### Dataset section

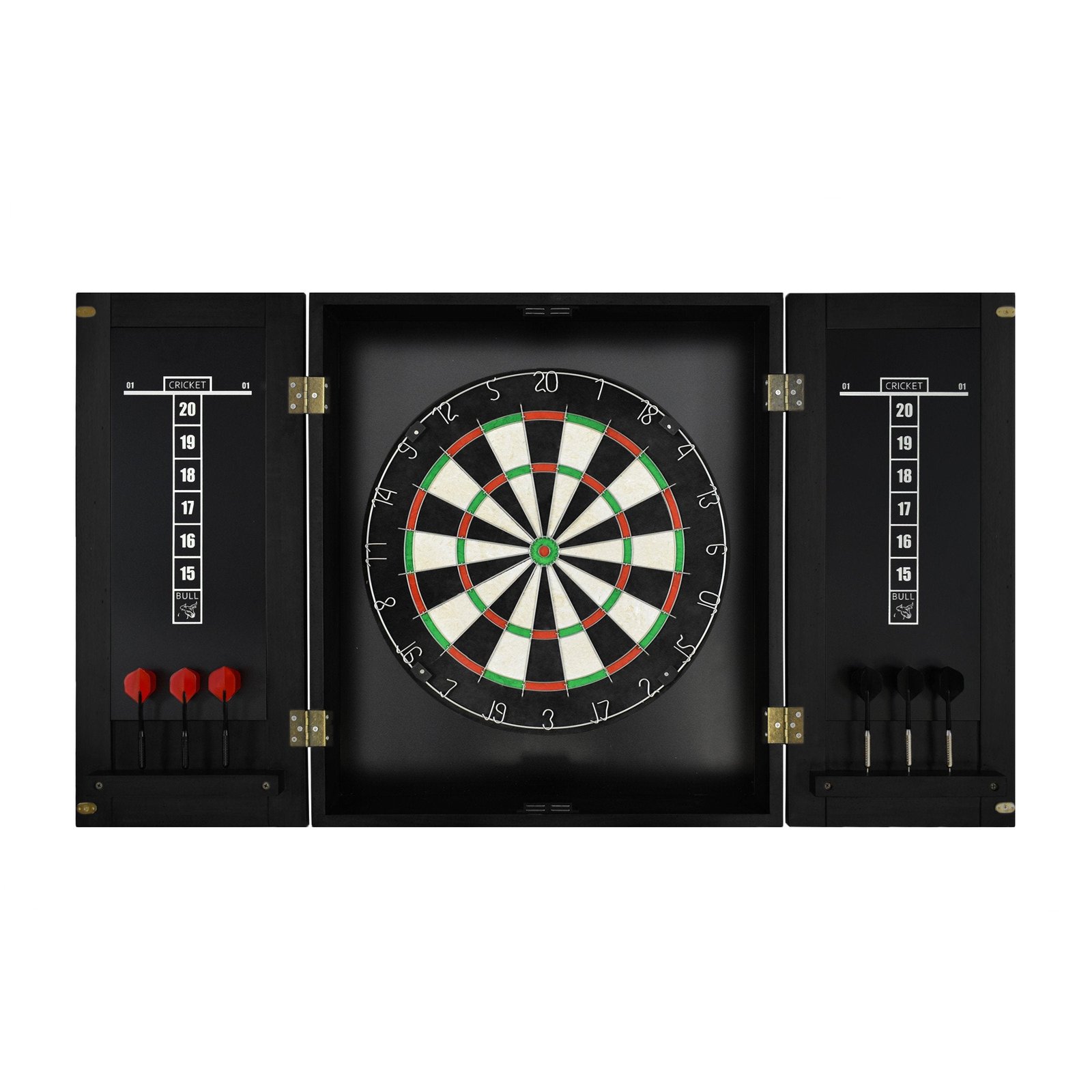 The Imperial Dart Cabinet is made of solid wood and comes complete with an 18″ bristle dartboard, set of 6 darts, pen and eraser, and wall mounting hardware. The Dart Cabinet is featured in six finishes, making it easy to pair with your Imperial pool table or shuffleboard and create the perfect game room. Assembly is simple; just attach the dartboard to the inside of the cabinet, mount the cabinet to the wall of your choice, and you’re ready to play.
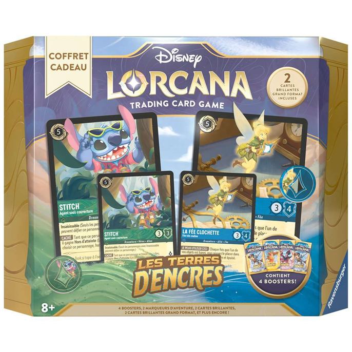 Coffret cadeau contenant 2 cartes brillantes et leur version grand format, 4 boosters, et 2 marqueurs illustrés
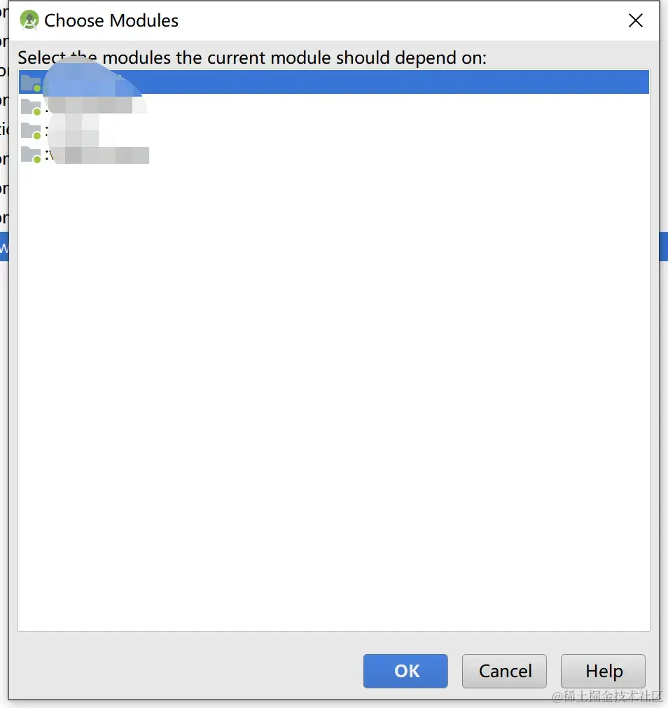 最后在弹出的窗口中选择刚刚引入进来的模块,再点击OK即可完成引入了:

### Work item
From the first line to the last, return the material above exactly, apart from the pictures.

### Completed exercise
 The Imperial Dart Cabinet is made of solid wood and comes complete with an 18″ bristle dartboard, set of 6 darts, pen and eraser, and wall mounting hardware. The Dart Cabinet is featured in six finishes, making it easy to pair with your Imperial pool table or shuffleboard and create the perfect game room. Assembly is simple; just attach the dartboard to the inside of the cabinet, mount the cabinet to the wall of your choice, and you’re ready to play.
 Coffret cadeau contenant 2 cartes brillantes et leur version grand format, 4 boosters, et 2 marqueurs illustrés
 最后在弹出的窗口中选择刚刚引入进来的模块,再点击OK即可完成引入了:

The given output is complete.